Extracted data entries:
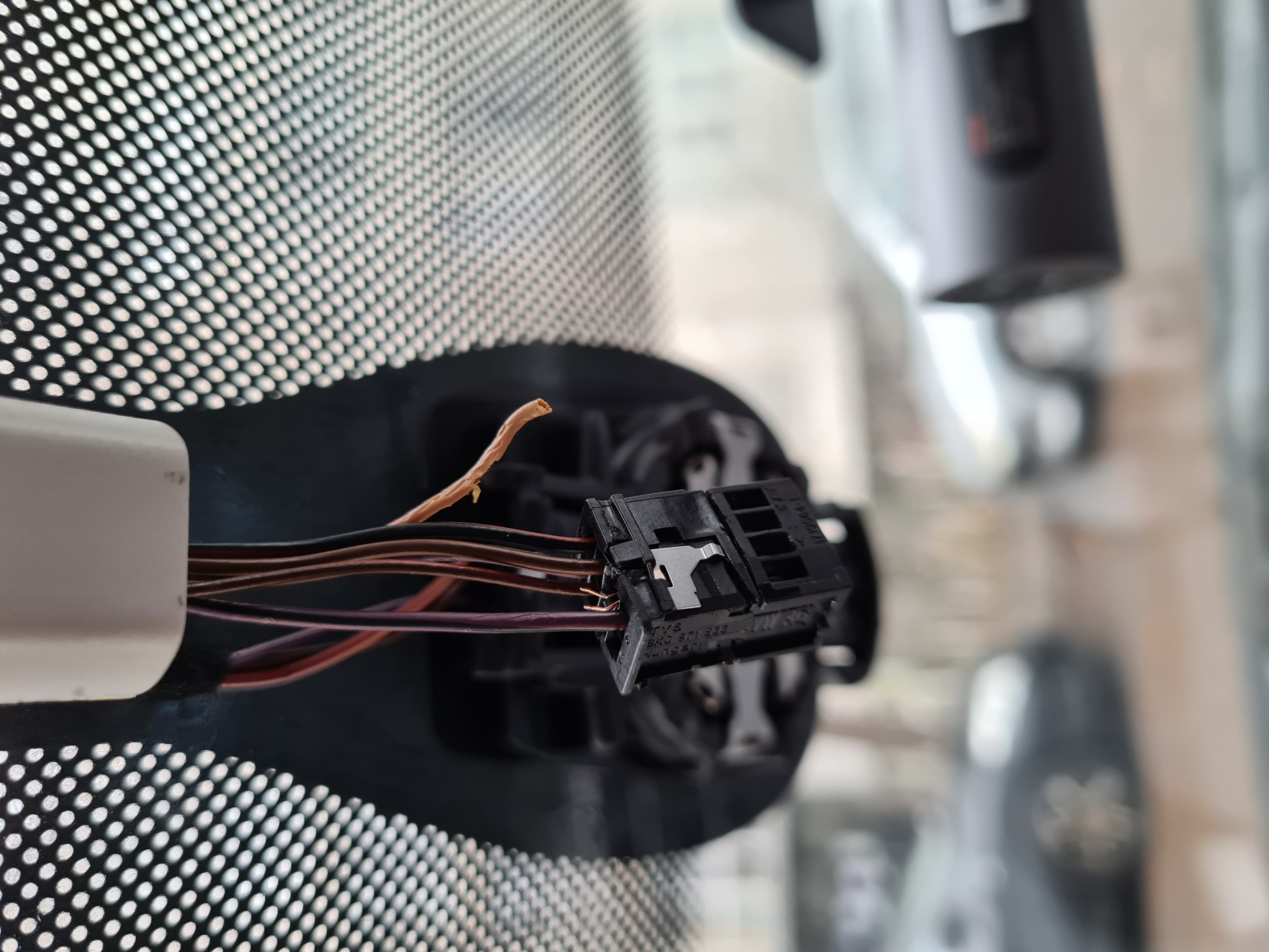 Монтирах огледалото с камерата. Трябваше да извадя пин номер 3 от конектора и да сложа на него пин с кабел към CAN High. После слагам на пин 8 CAN Low, който беше празен при мен и директно пъхнах пинчето на кабела. Малко се озорих с махането на оригиналния пин 3 (оригиналното жълтеникаво кабелче го шунтирах според инструкцията), но след това прозрях, че конекторът се отвяря и пин 3 се избутва с тънка часовникарска отвертка.
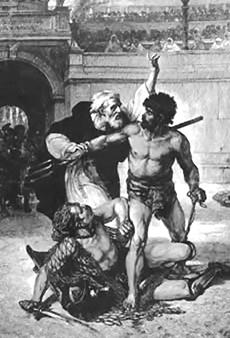 Со времени правления Константина Великого (285–337), первого римского императора, принявшего христианство, популярность гладиаторских игр начала снижаться. Со стороны наиболее образованной части римского общества все чаще раздавались протесты, касавшиеся, впрочем, не самих поединков, а лишь их извращенной жестокости. В 325 году эдиктом Константина кровавые игрища были запрещены во всех провинциях Империи, кроме Умбрии и Этрурии. Такое послабление послужило примером другим районам, поэтому отдельные состязания проводились в порядке исключения еще более 30 лет.
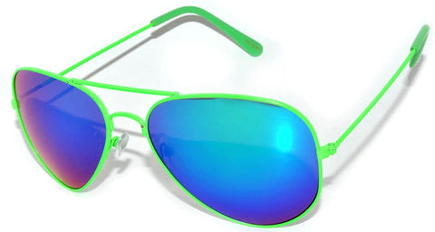 Aviator Sunglasses - Green Frame / Blue Mirror Lens
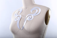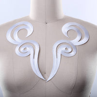 Mirrored shape effect is a perfect addition for a neckline. Perfectly accents any gown or costume, especially those needing an edgy and unique flair. I've personally seen this applique added to many dancer/ figure skating or gymnastics costumes.
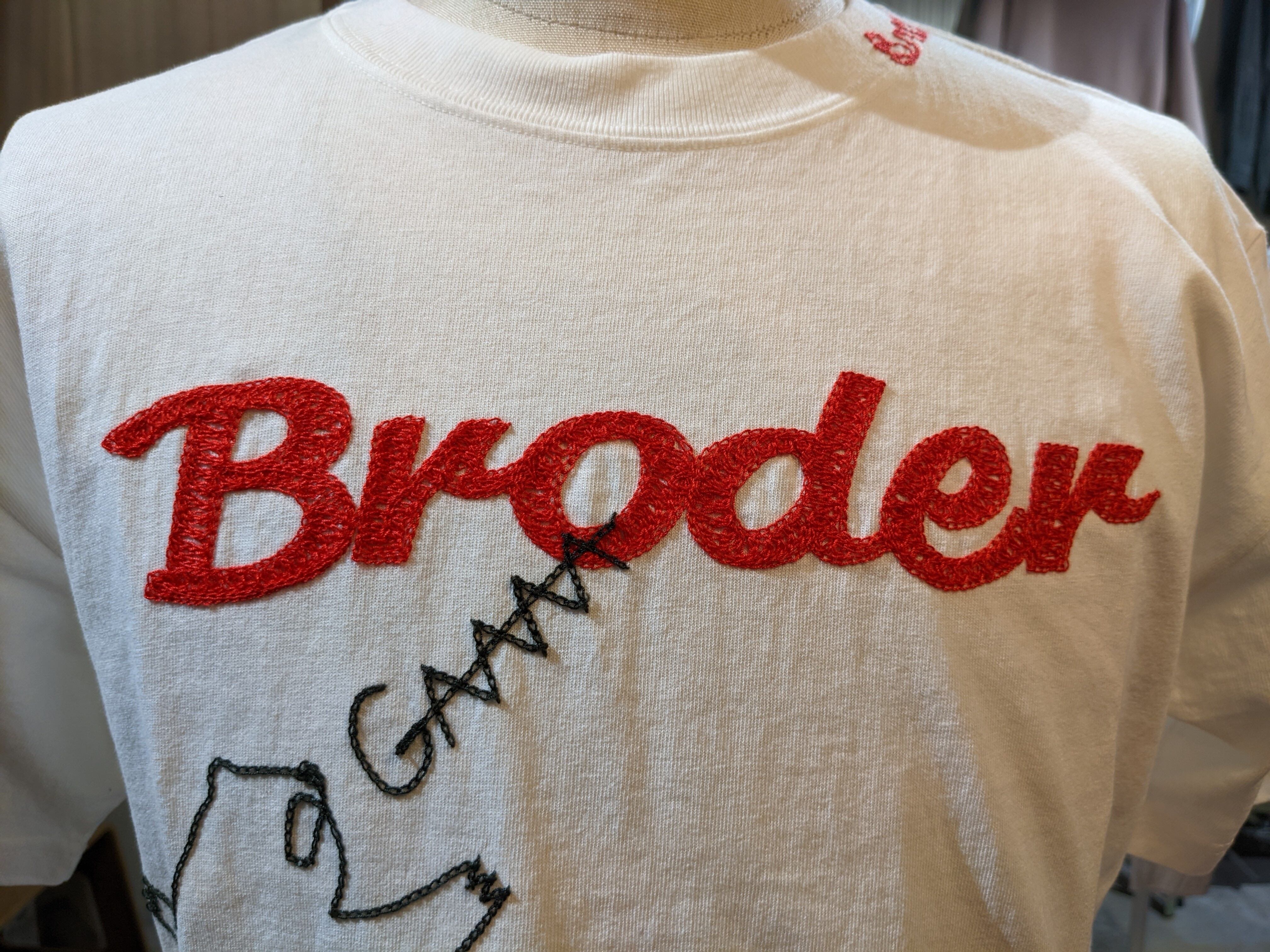 BRODRE ハンドル刺繍 BEAR Tシャツ M ホワイト [BR2014]
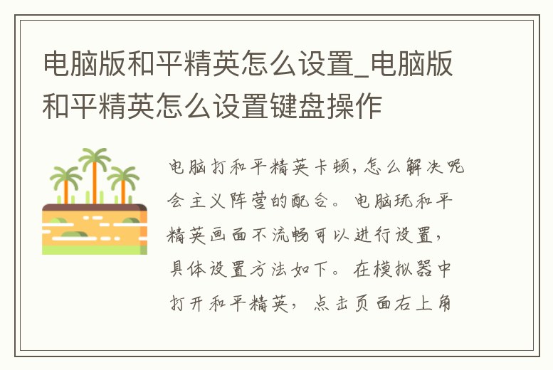電腦版和平精英怎么設置_電腦版和平精英怎么設置鍵盤操作
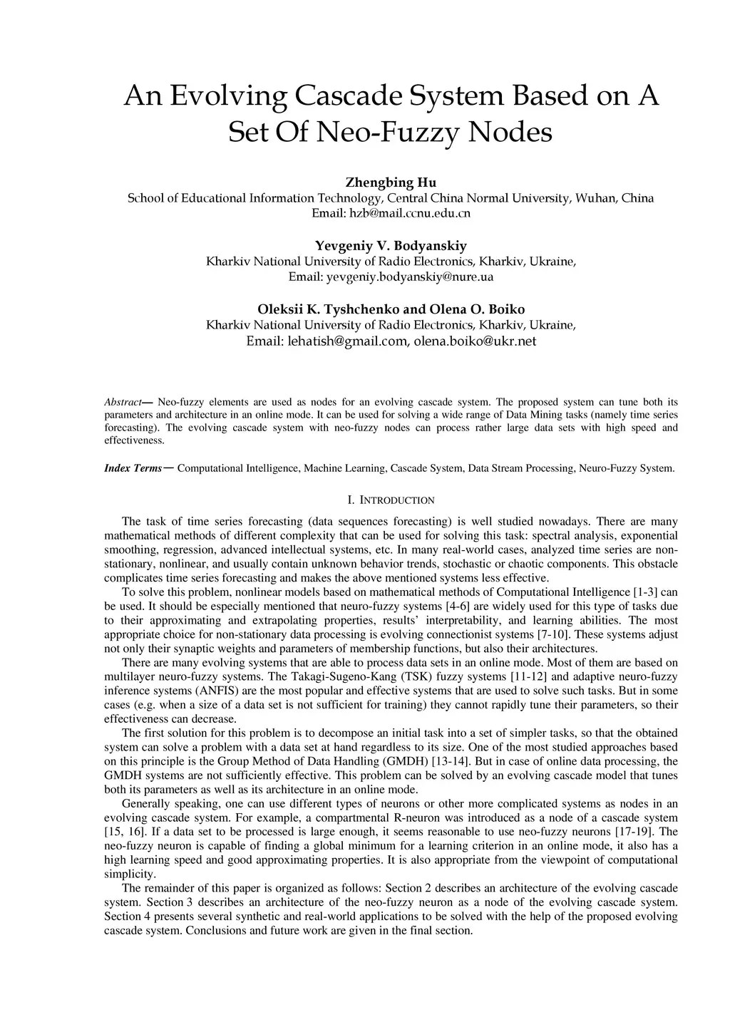 An Evolving Cascade System Based on A Set Of Neo Fuzzy Nodes
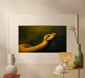 Gros plan sur un python jaune vif enroulé sur lui-même. hahnemühle
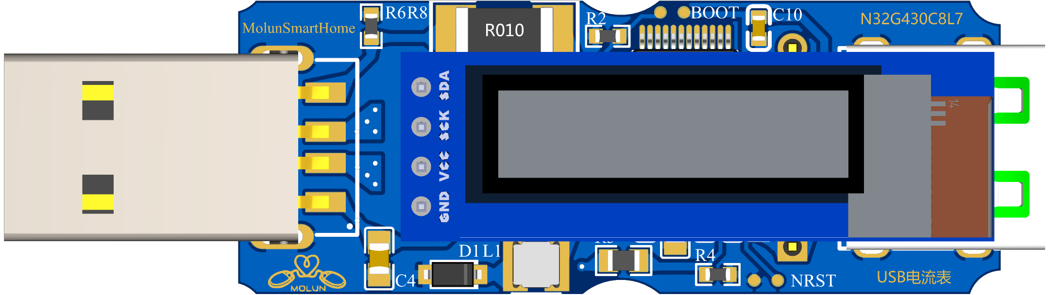 基于N32G430C8L7+INA199制作的USB电流表,精度1%,可以查看USB工作时候的电流,复刻修改至【训练营官方案例】,一个是支持快充的电流表。
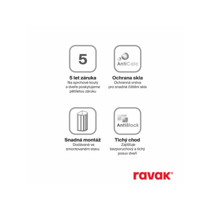 Sprchový kout tvoří dva pevné rovné a čtyři posuvné díly. Možnost přizpůsobení stavebnímu otvoru pomocí nastavovacích profilů NPS. Výrobek je dodáván ve smontovaném stavu, stačí přišroubovat ke zdi a utěsnit. Montuje se do obloženého rohu koupelny na vaničky RAVAK Ronda, Elipso, Elipso Pro, Elipso Pro Flat, Elipso Pro Chrome nebo přímo na podlahu se zabudovaným odtokovým žlabem či podlahovou vpustí. Montáž výrobku zvládne jeden člověk za pouhou hodinu.
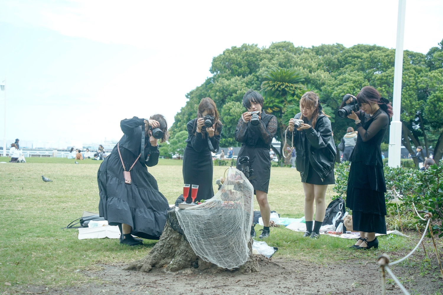 なので風裏になりそうな、大きな木の根元に移動しました。被写体以外に写り込んじゃう人や建物が制限できたので、移動して良かったかも。
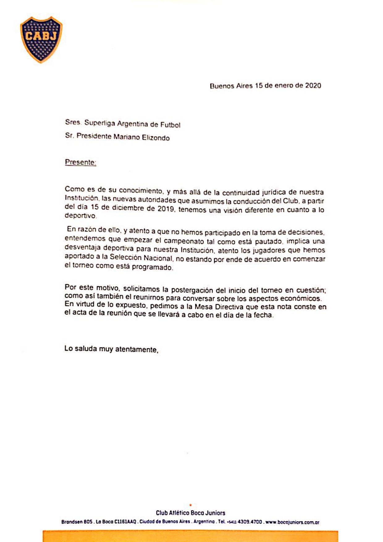 “Entendemos que empezar el campeonato tal como está pautado, implica una desventaja deportiva para nuestra Institución, atento los jugadores que hemos aportado a la Selección Nacional”, reza el comunicado de Boca, en referencia a las convocatorias de Nicolás Capaldo y Alexis Mac Allister, por lo cual solicitan “la postergación del inicio del torneo”.
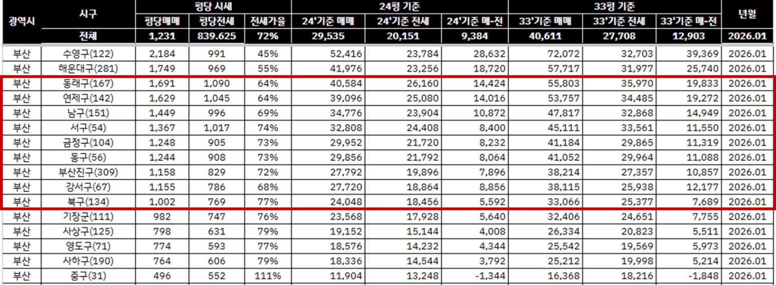 동래구 24평 평균 투자금이 1.4억이고,
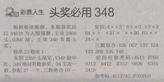 【彩票人生】第1225预测信息<特区报>
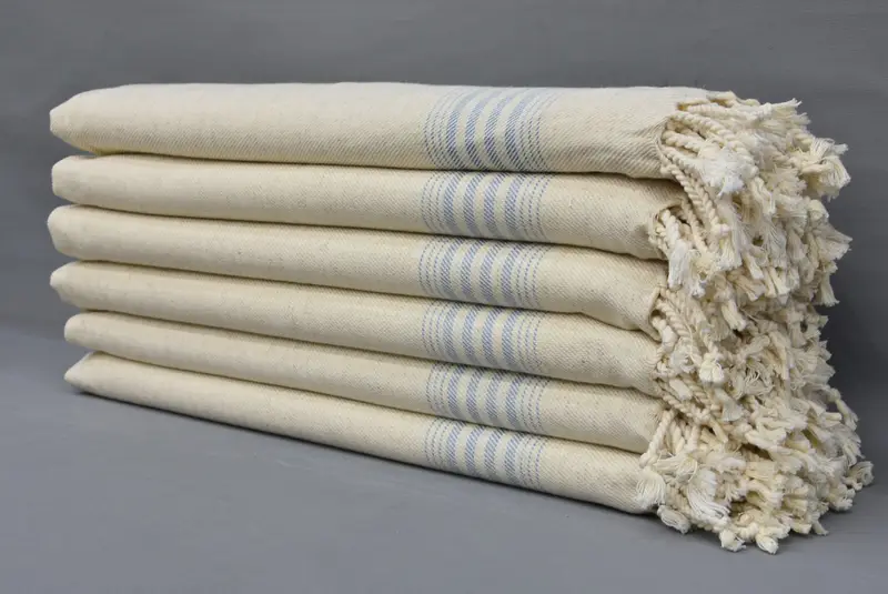 トルコ製ハンドタオル オーガニックリネン ベージュブルーストライプ 20x36インチ
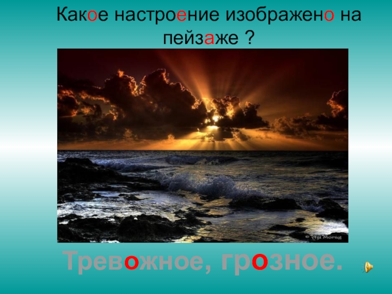 Слайд 14Какое настроение изображено на пейзаже ?
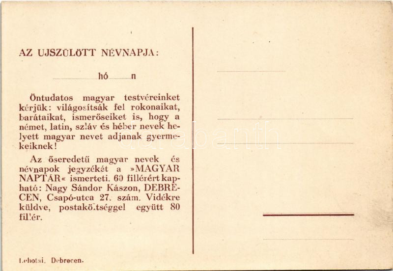 Description: "Öntudatos magyar testvéreinket kérjük: világosítsák fel rokonaikat, barátaikat, ismerőseiket is, hogy a német, latin, szláv és héber nevek helyett magyar nevet adjanak gyermekeiknek!" Lehotai kiadása / Hungarian irredenta propaganda
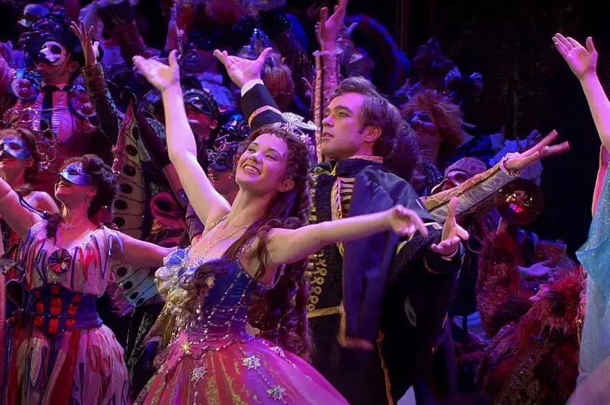 乐团奏出序幕组曲,宏伟气势转为婉转低吟,台上殷红厚重的幕帘向两旁退去,神秘阴暗、美丽动人的爱情故事就此开展。
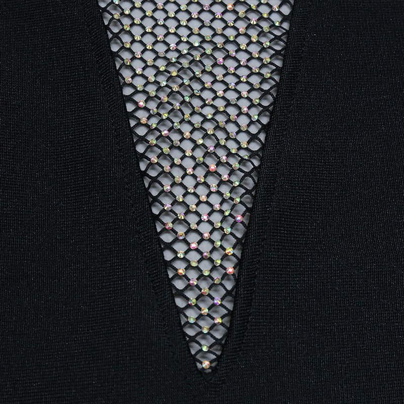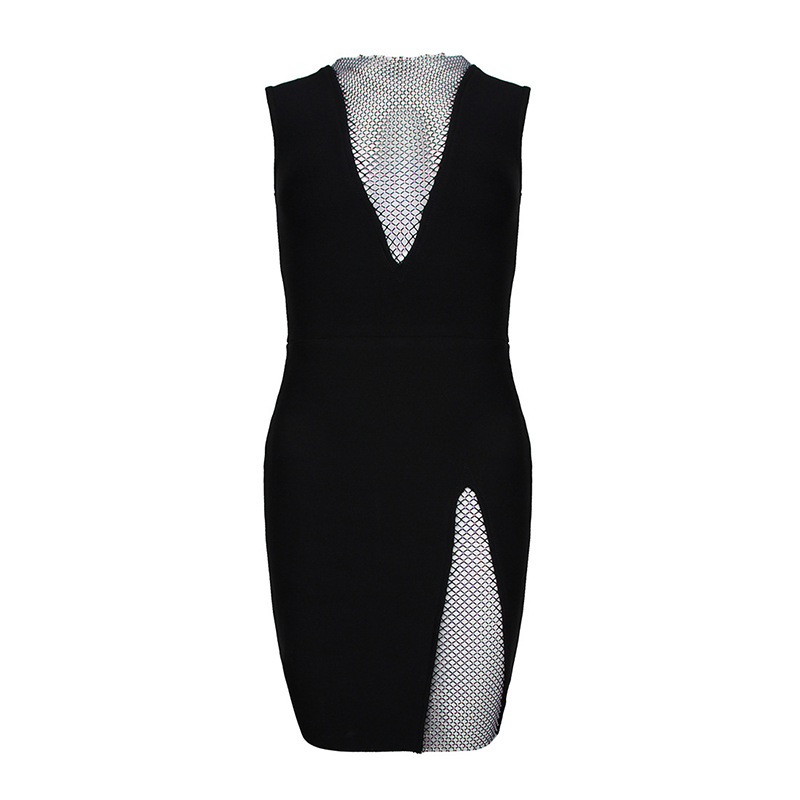 Net Drill V-Neck Sexy Sleeveless See-Through Slim Bandage Dress
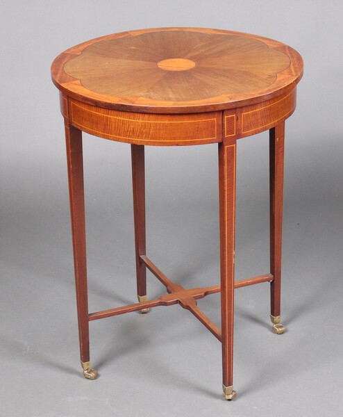 Lot 965 An Edwardian circular inlaid and crossbanded mahogany occasional table, the top inlaid 8 radiated panels, raised on square tapered supports with H framed stretcher, brass caps and casters 71cm h x 72cm w c 55cm d £70-90

Work item: Could you output every record above exactly as it appears, without the pictures?

Your solution:
 Монтирах огледалото с камерата. Трябваше да извадя пин номер 3 от конектора и да сложа на него пин с кабел към CAN High. После слагам на пин 8 CAN Low, който беше празен при мен и директно пъхнах пинчето на кабела. Малко се озорих с махането на оригиналния пин 3 (оригиналното жълтеникаво кабелче го шунтирах според инструкцията), но след това прозрях, че конекторът се отвяря и пин 3 се избутва с тънка часовникарска отвертка.
 Со времени правления Константина Великого (285–337), первого римского императора, принявшего христианство, популярность гладиаторских игр начала снижаться. Со стороны наиболее образованной части римского общества все чаще раздавались протесты, касавшиеся, впрочем, не самих поединков, а лишь их извращенной жестокости. В 325 году эдиктом Константина кровавые игрища были запрещены во всех провинциях Империи, кроме Умбрии и Этрурии. Такое послабление послужило примером другим районам, поэтому отдельные состязания проводились в порядке исключения еще более 30 лет.
 Aviator Sunglasses - Green Frame / Blue Mirror Lens
 Mirrored shape effect is a perfect addition for a neckline. Perfectly accents any gown or costume, especially those needing an edgy and unique flair. I've personally seen this applique added to many dancer/ figure skating or gymnastics costumes.
 BRODRE ハンドル刺繍 BEAR Tシャツ M ホワイト [BR2014]
電腦版和平精英怎么設置_電腦版和平精英怎么設置鍵盤操作
 An Evolving Cascade System Based on A Set Of Neo Fuzzy Nodes
 Gros plan sur un python jaune vif enroulé sur lui-même. hahnemühle
 基于N32G430C8L7+INA199制作的USB电流表,精度1%,可以查看USB工作时候的电流,复刻修改至【训练营官方案例】,一个是支持快充的电流表。
 Sprchový kout tvoří dva pevné rovné a čtyři posuvné díly. Možnost přizpůsobení stavebnímu otvoru pomocí nastavovacích profilů NPS. Výrobek je dodáván ve smontovaném stavu, stačí přišroubovat ke zdi a utěsnit. Montuje se do obloženého rohu koupelny na vaničky RAVAK Ronda, Elipso, Elipso Pro, Elipso Pro Flat, Elipso Pro Chrome nebo přímo na podlahu se zabudovaným odtokovým žlabem či podlahovou vpustí. Montáž výrobku zvládne jeden člověk za pouhou hodinu.
 なので風裏になりそうな、大きな木の根元に移動しました。被写体以外に写り込んじゃう人や建物が制限できたので、移動して良かったかも。
 “Entendemos que empezar el campeonato tal como está pautado, implica una desventaja deportiva para nuestra Institución, atento los jugadores que hemos aportado a la Selección Nacional”, reza el comunicado de Boca, en referencia a las convocatorias de Nicolás Capaldo y Alexis Mac Allister, por lo cual solicitan “la postergación del inicio del torneo”.
 동래구 24평 평균 투자금이 1.4억이고,
 【彩票人生】第1225预测信息<特区报>
 トルコ製ハンドタオル オーガニックリネン ベージュブルーストライプ 20x36インチ
 Слайд 14Какое настроение изображено на пейзаже ?
 Description: "Öntudatos magyar testvéreinket kérjük: világosítsák fel rokonaikat, barátaikat, ismerőseiket is, hogy a német, latin, szláv és héber nevek helyett magyar nevet adjanak gyermekeiknek!" Lehotai kiadása / Hungarian irredenta propaganda
 乐团奏出序幕组曲,宏伟气势转为婉转低吟,台上殷红厚重的幕帘向两旁退去,神秘阴暗、美丽动人的爱情故事就此开展。
 Net Drill V-Neck Sexy Sleeveless See-Through Slim Bandage Dress
 Lot 965 An Edwardian circular inlaid and crossbanded mahogany occasional table, the top inlaid 8 radiated panels, raised on square tapered supports with H framed stretcher, brass caps and casters 71cm h x 72cm w c 55cm d £70-90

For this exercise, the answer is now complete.